# Your instructions:
Without the pictures, print the lines from the one holding "Το σφυροκόπημα συνεχίζεται." through the last line below, both included, exactly as they stand.

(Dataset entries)
==*==
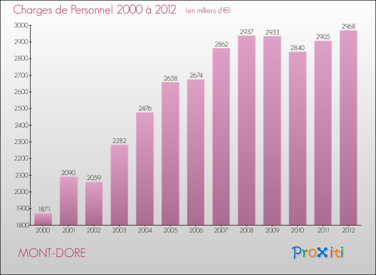 En 2012, le budget de fonctionnement de la commune de Mont-Dore se montait à : 6 671 000 € décomposé comme suit :
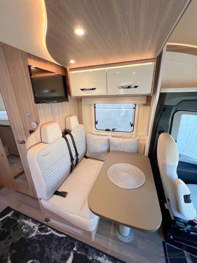 ✨ Une belle intégration du savoir-faire allemand : ce Bürstner Lyseo M T660 est construit sur le châssis Mercedes Sprinter Heavy avec boîte automatique 7G-Tronic et propulsion arrière, gage de stabilité et de confort en toutes saisons. Compact (6,99 m), il reste maniable en ville tout en offrant un aménagement intérieur spacieux et hautement équipé.
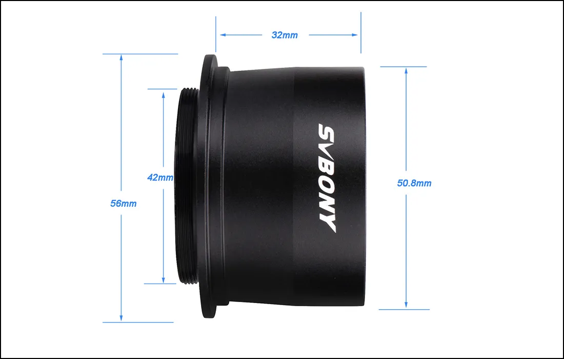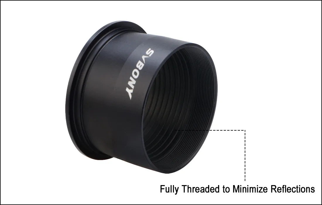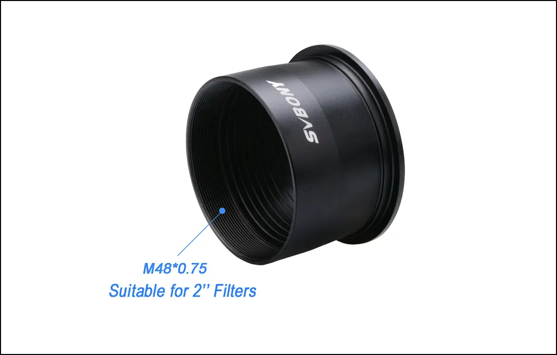 1. Svbony 2 ''からT2カメラアダプターはすべての2 ''フォーカサーに適合し、アダプターの端には標準の2 ''フィルターを受け入れるようにねじが切られています
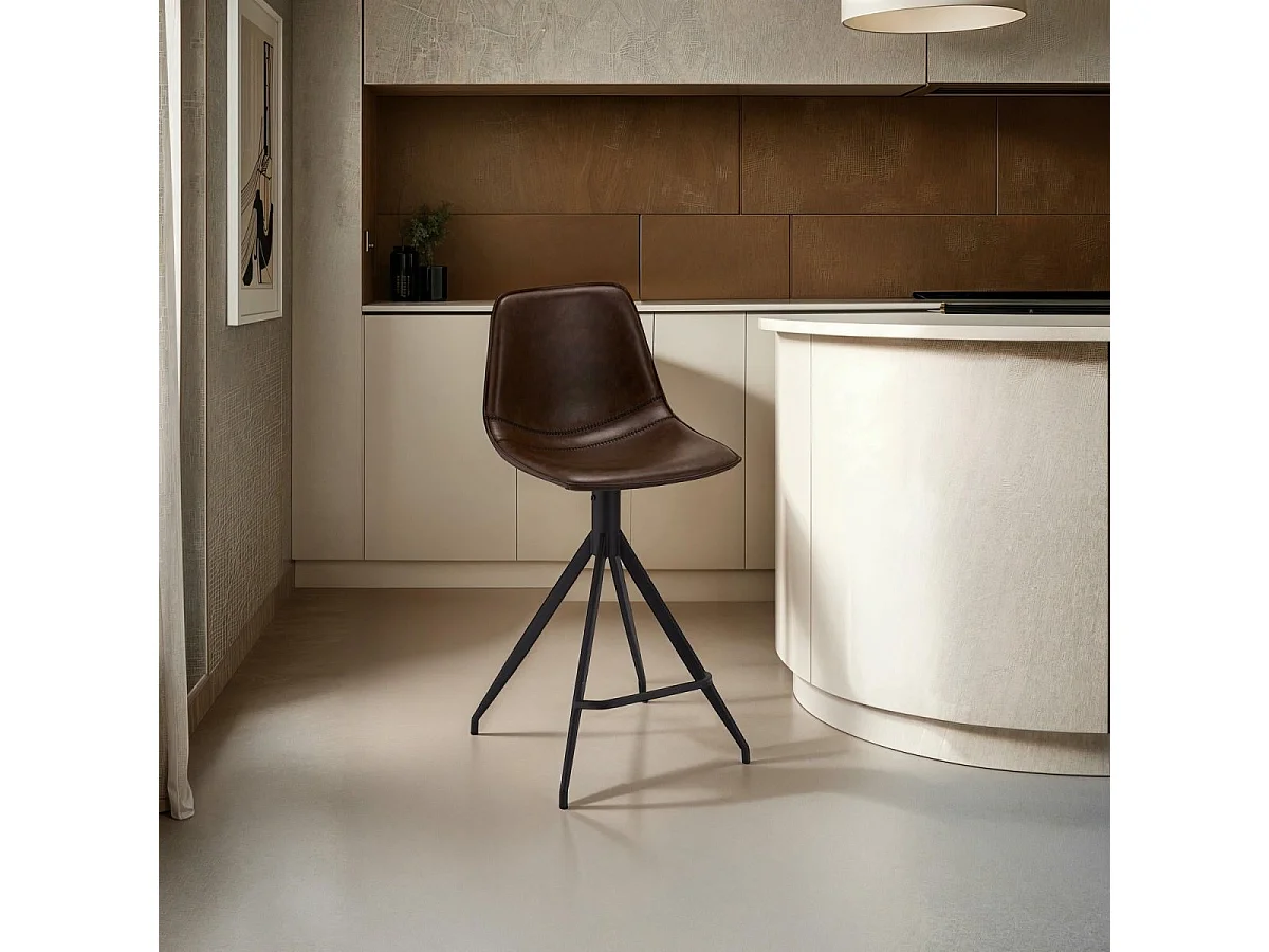 Lot de 2 tabourets de bar avec dossier et pivotant Isabel - Simili et métal - Marron
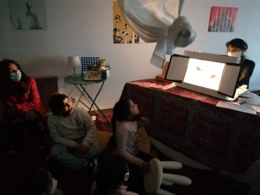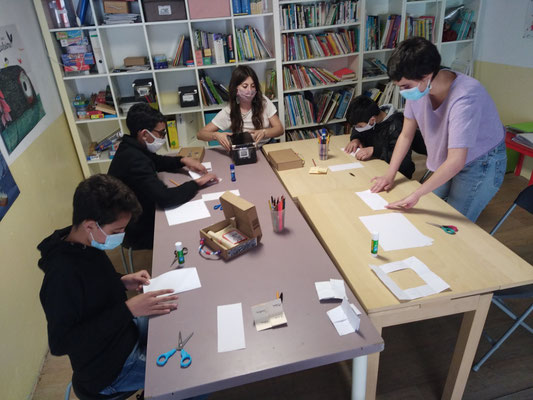 En 2020-2021, l’atelier pour les enfants a été articulé autour de la thématique des ombres et plus particulièrement autour de la production de récits individuels sur l’histoire des ombres des enfants, et la mise en scène et la transposition plastique de ces récits par la construction d’un castelet avec décors et marionnettes. Chaque enfant imagine l’histoire de son ombre qui sera le support textuel du projet artistique, puis crée le décor de l’histoire ainsi que la marionnette représentant leur ombre. Tout au long des ateliers, le texte a pu être repris et modifié par les enfants avec l’aide, si besoin, d’une animatrice. Ce projet permet d’aborder la question interculturelle et l’expérience des enfants allophones en situation de migration par une pédagogie du détour autour de la métaphore du double et de la dualité, le tout dans une démarche artistique et expérimentale.
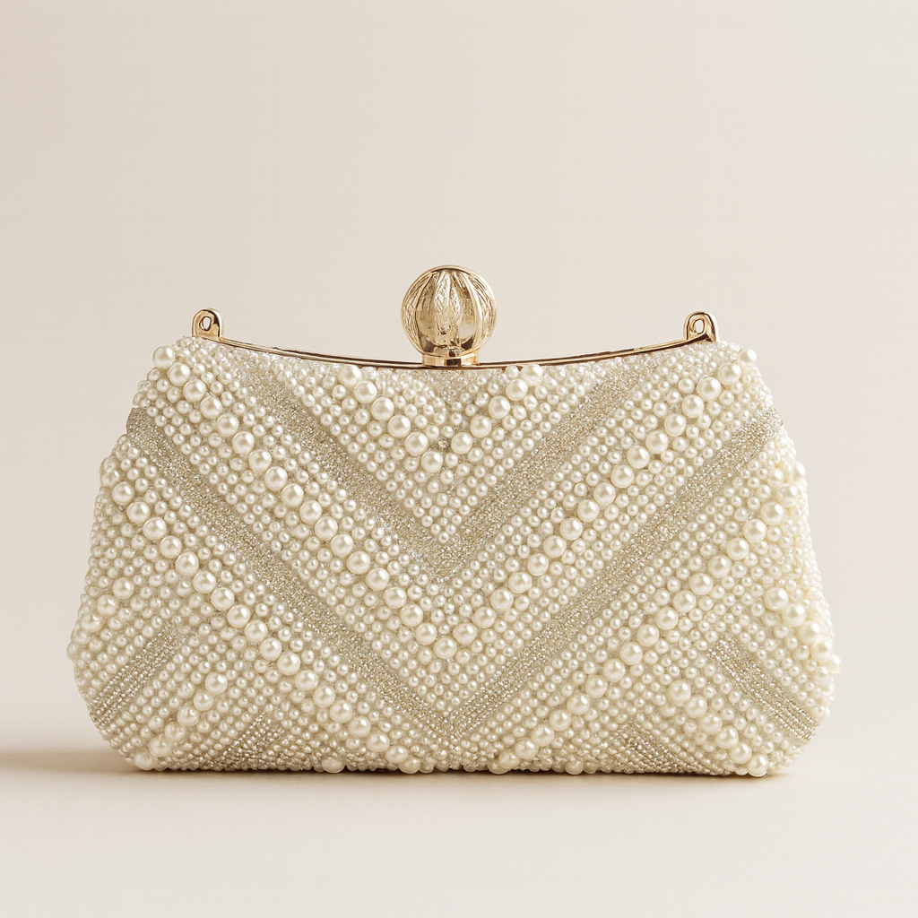 This luxurious pearl-embellished clutch is designed to bring sophistication and timeless charm to your festive wardrobe. Featuring a beautifully handcrafted chevron pattern made with high-quality pearls and crystal beads, it catches the light with every movement, creating a soft, elegant sparkle. this clutch blends seamlessly with both traditional and modern outfits. A truly versatile accessory that elevates any look with effortless grace.
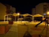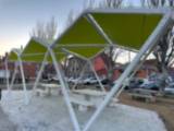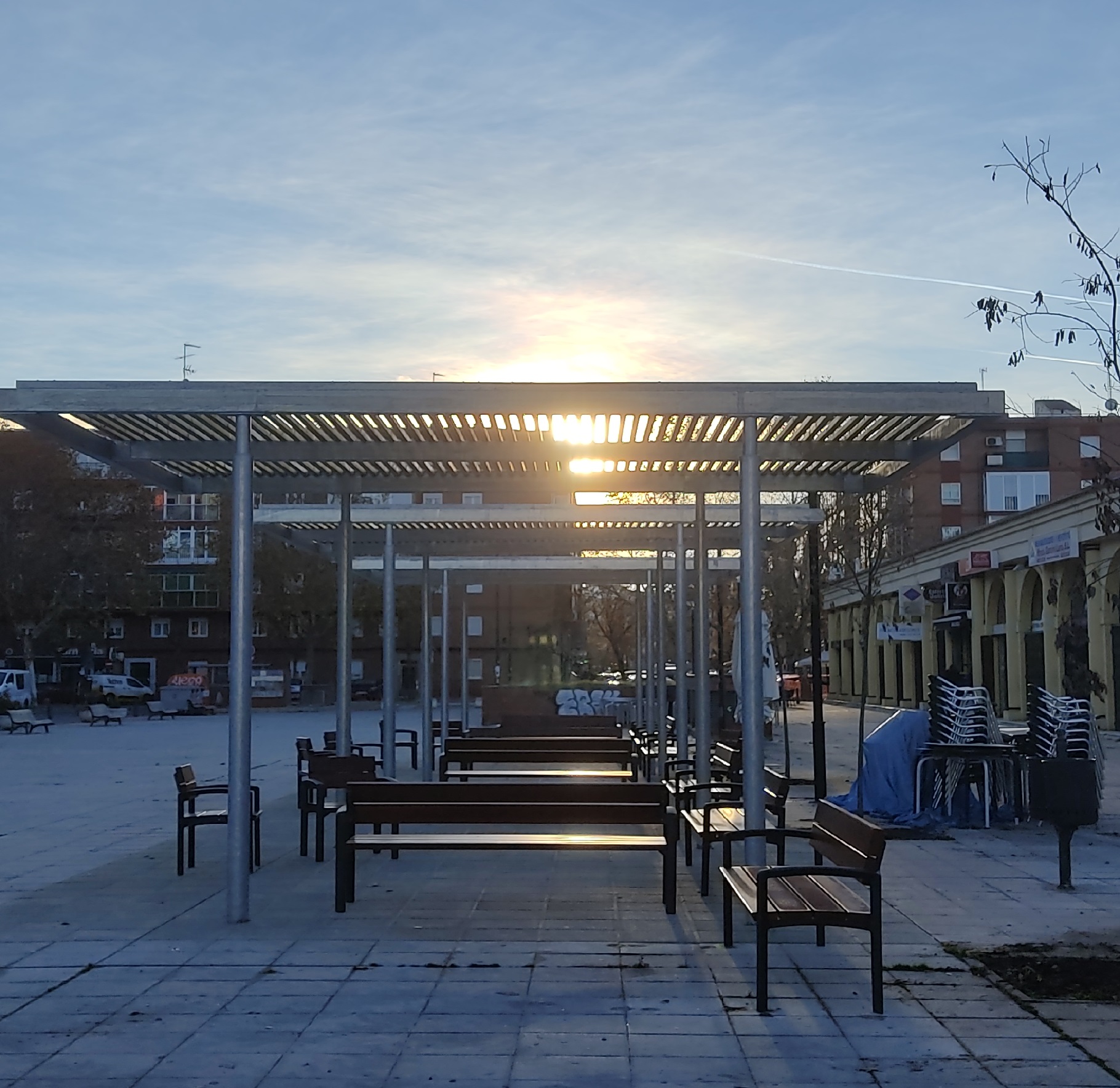 En el caso de la Plaza de la Danza, se han ejecutado dos pérgolas o marquesinas livianas con estructura de acero galvanizado y cubiertas con un emparrillado de listones de madera de pino con tratamiento autoclave. Bajo cada una de ellas se han instalado dos bancos y cuatro sillas que generan una zona estancial que recibirá sombra durante un cierto tiempo del día. Su ubicación próxima a los bancos corridos de las zonas ajardinadas de la zona oeste de la plaza, responde a la idea de crear junto con ellos una zona estancial y respetar la zona central, más de paso, para eventuales actuaciones en el templete existente, y para juegos infantiles de pelota, patinaje, etc…
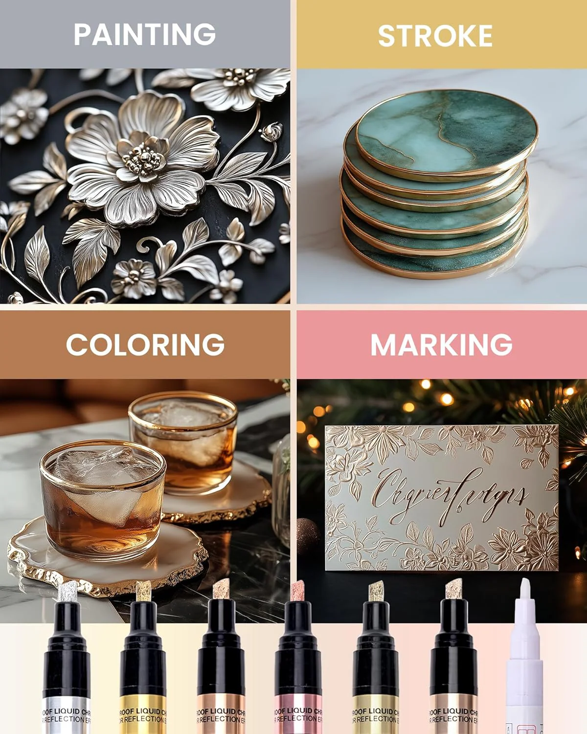- Perfect for Resin Crafts 2-5mm Chrome Marker - Unlike standard paint markers, Resiner's chrome markers are resistant to epoxy resin, making them ideal for resin art and other smooth surfaces. These resin supplies come in four colors (gold, rose gold, silver, and copper) with a writing width of 2-5mm, allowing for thicker and more precise application and control. They are perfect for stroking, painting, and coloring.
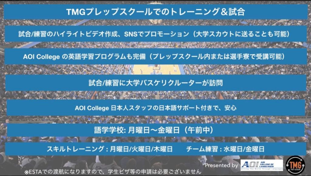TMG PREP ACADEMYは世界各国(アメリカ・フランス・イタリアなど)から選手が集まってくるバスケ専用プレップスクール兼チームで、
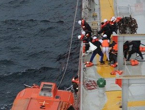 Το σφυροκόπημα συνεχίζεται. Σκάμε πάνω στο πλοίο. Τα ελάχιστα δευτερόλεπτα που μένουμε εκεί, πρέπει να πιάσεις την ανεμόσκαλα και να ανέβεις τουλάχιστον πέντε σκαλοπάτια. Αν αργήσεις, σε βρίσκει η βάρκα και σε λειώνει πάνω στο πλοίο. Κάποιος αποφασίζει να το κάνει. Δεν μπορεί. Άργησε. Βρέθηκε ανάμεσα. Δεν τον ξαναείδαμε.
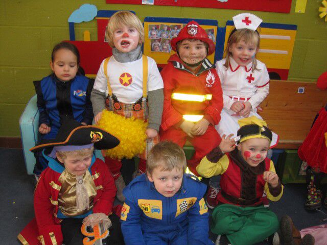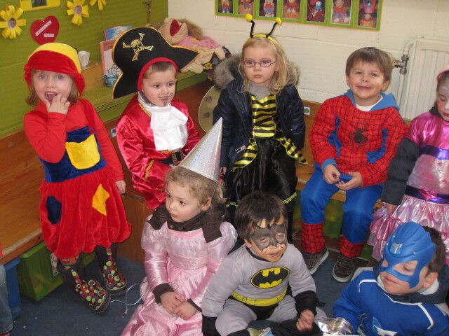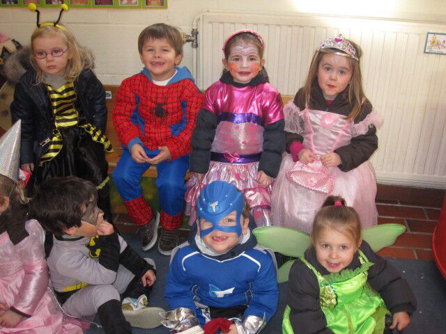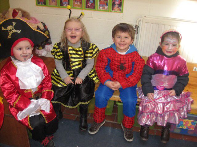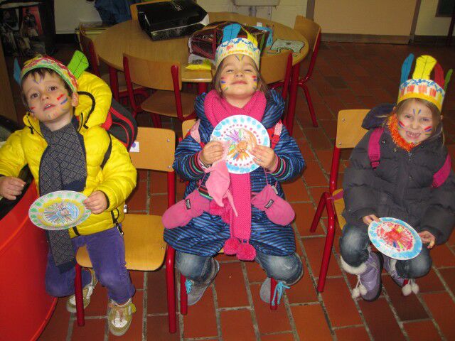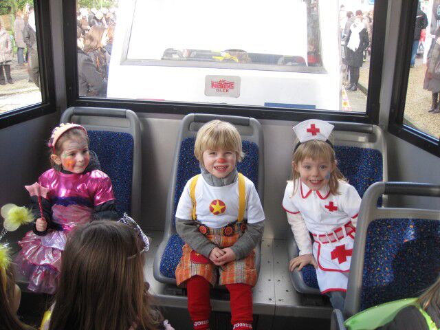 Zijn we niet allemaal mooi verkleed ? Klaar om met de carnavalstoet mee te gaan.
==*==
# Solution to the exercise:
 Το σφυροκόπημα συνεχίζεται. Σκάμε πάνω στο πλοίο. Τα ελάχιστα δευτερόλεπτα που μένουμε εκεί, πρέπει να πιάσεις την ανεμόσκαλα και να ανέβεις τουλάχιστον πέντε σκαλοπάτια. Αν αργήσεις, σε βρίσκει η βάρκα και σε λειώνει πάνω στο πλοίο. Κάποιος αποφασίζει να το κάνει. Δεν μπορεί. Άργησε. Βρέθηκε ανάμεσα. Δεν τον ξαναείδαμε.
 Zijn we niet allemaal mooi verkleed ? Klaar om met de carnavalstoet mee te gaan.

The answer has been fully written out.